Starting with a new dataset

Preparing for your data

IGVF datasets

If you are working with an IGVF dataset, I recommend you just generate a new repository from the https://github.com/IGVF-UCSD/dataset_template repo and clone that to wherever you are working

Non-IGVF datasets

Create a new folder on the cluster that will house your data
Create a GitHub repo and link this to the new folder
Follow the directory structure outlined here: https://github.com/IGVF-UCSD/dataset_template

Tips

Name your dataset something descriptive and machine readable (no spaces!)

Data acquisition

The data you are about to start working with inevitably exists somewhere other than our cluster, so we will need to move it over from where it currently is. This is sometimes non-trivial, so I’ve put together some code to help with different scenarios depending on where the data starts out (https://github.com/IGVF-UCSD/single_cell_utilities/tree/main/data_acquisition). You will likely need to write some custom scripts based on these to transfer the some combination of the follwowing

Raw fastqs —> these should be deposited within a fastq/subdirectory in your main dataset directory. Include the date of acquisition
Processed —> the exact form of this can vary substantially, but the outputs should be placed in a processed/ subdirectory within the main directory. Include the date of acquisition
Annotated —> the exact form of this can vary substantially, but the outputs should be placed in an annotation/ subdirectory within the main directory. Include the date of acquisition
Analysis products —> the exact form of this can vary substantially, but the outputs should be placed in an analysis/ subdirectory within the main directory. Include the date of acquisition
Metadata —> the exact form of this can vary substantially, but the outputs should be placed in a metadata/ subdirectory within the main directory. Include the date of acquisition

Before you move on, add a well-documented, short notebook describing the process of acquiring it to the bin/ directory.

Data processing

Data will usually come in either as raw sequencing fastq files, or in already processed and analyzed formats. If it is the former, you will need to process the data yourself. There are many ways to do this, and I have provided some code and pipelines you can run to get to the processed state. A couple things to note:

Make sure that you version your processing pipeline, similar to data acquisition. Stick the results in a subdirectory within theprocessed/ subdirectory with a date (e.g. 08Sep23).
Make sure the processing is reproducible in some way…TODO

Data annotation

Most of the current downstream analyses performed on single cell data rely on being able to group cells together by some sort of biologically relevant property. This is most commonly cell-type, but can be the results of a more nuanced clustering of data as well (or a known covariate). The goal of this section is to get to those annotations through a sort of preliminary analysis of the data. This usually includes:

Computing quality control metrics on each sample within a dataset
Filtering low quality cells based on the computed metrics
Normalizing the data to deal with unwanted properties of the dataset (e.g. unstable variance across features)
Integrating samples to get all cells in the same feature space and to correct for unwanted technical variation (horizontal integration)
Integrating modalities (vertical or diagonal integration) to project a cell into a single feature space that captures multiple experimental observations
Clustering based on these feature spaces
Automatic annotation of clusters as a first pass
Manual refinement of annotation by experts

It is also possible that the data received has already undergone one or more of these steps already. If this is the case, I recommend that you put together a few notebooks where you skeptically investigate the data in as many ways as possible.

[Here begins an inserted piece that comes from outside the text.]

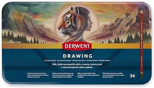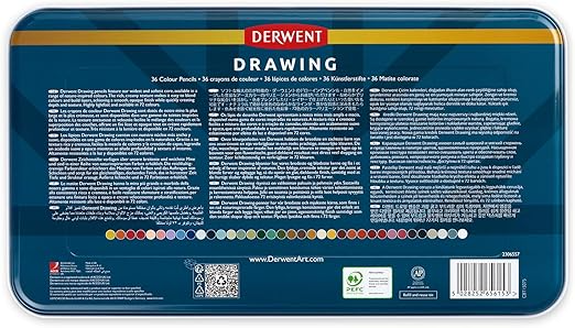 Contents: 1 x set of 36 Derwent Drawing colour pencils in a metal storage tin, creamy premium quality, 5mm round core, nature-inspired colours (2306557)
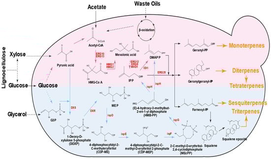The biosynthesis of terpenoids in microbes involves two distinct pathways: the mevalonate (MVA) pathway in eukaryotes, and the methyl-D-erythritol-4-phosphate (MEP) pathway in prokaryotes [8,13]. The MVA pathway primarily occurs in the cytoplasm, starting with acetyl-CoA as the initial substrate and generating isopentenyl pyrophosphate (IPP) and dimethylallyl pyrophosphate (DMAPP) through multiple enzymatic steps (Figure 1). The key rate-limiting enzyme of the MVA pathway is 3-hydroxy-3-methylglutaryl-CoA reductase (HMGR), which catalyzes the conversion of HMG-CoA to MVA [14]. The MEP pathway starts with pyruvate and glyceraldehyde-3-phosphate (G3P), with methylerythritol-4-phosphate (MEP) as the key intermediate converted to IPP and DMAPP (Figure 1). The key rate-limiting enzymes of the MEP pathway are 1-deoxy-D-xylulose-5-phosphate synthase (DXS) and reductoisomerase (DXR), catalyzing the first two steps in the pathway [15]. There are many natural microorganisms that can synthesize terpenoids, including bacteria, yeast, and filamentous fungi [15,16,17]. In current terpenoid biosynthesis research and industrial practices, filamentous fungi are not commonly used as engineered hosts for terpenoid production, because they often suffer from limitations such as complex genetic manipulation and long culture cycles, which make their application far less widespread than that of yeast and bacterial systems [17,18]. Thus, the most widely studied and practically applicable microbial hosts are yeast and bacteria, such as Saccharomyces cerevisiae, Yarrowia lipolytica, Ogataea polymorpha, Escherichia coli, Bacillus spp., and so on [15,19,20]. These systems are preferred for terpenoid production due to their clear genetic backgrounds, established genetic manipulation tools, rapid growth, and controllable metabolic flux. A growing number of terpenoids have already been successfully synthesized via construction of various microbial cell factories, including artemisinic acid, valencene, β-carotene, limonene, farnesene, and squalene [21,22,23,24,25,26].

Whatever route you end up taking, create the following in a new annotation/ subdirectory:

{DatasetID}_CellClusterAssignment.tsv — a metadata table with one row per barcode that includes:
- bc
- CellClusterID
- RNAUMI
- RNAGenes
- ATACFragments (if multiome)
- Any other additional columns you want (e.g. %mito, %ribo etc.)
{DatasetID}_ClusterMetadata.tsv — a separate table with cluster level metadata. This one should be one row per cluster and include:
- CellClusterID — should match above for barcodes (e.g. the unique IDs here should exactly match the unique IDs in the CellCluster column above)
- ManualAnnotationLabel —
- nCells
- MeanRNAUMIsPerCell
- MeanATACFragmentsPerCell
{DatasetID}_thresholds.tsv — a separate table of per sample thresholds used for filtering cells (if different ones were used per sample)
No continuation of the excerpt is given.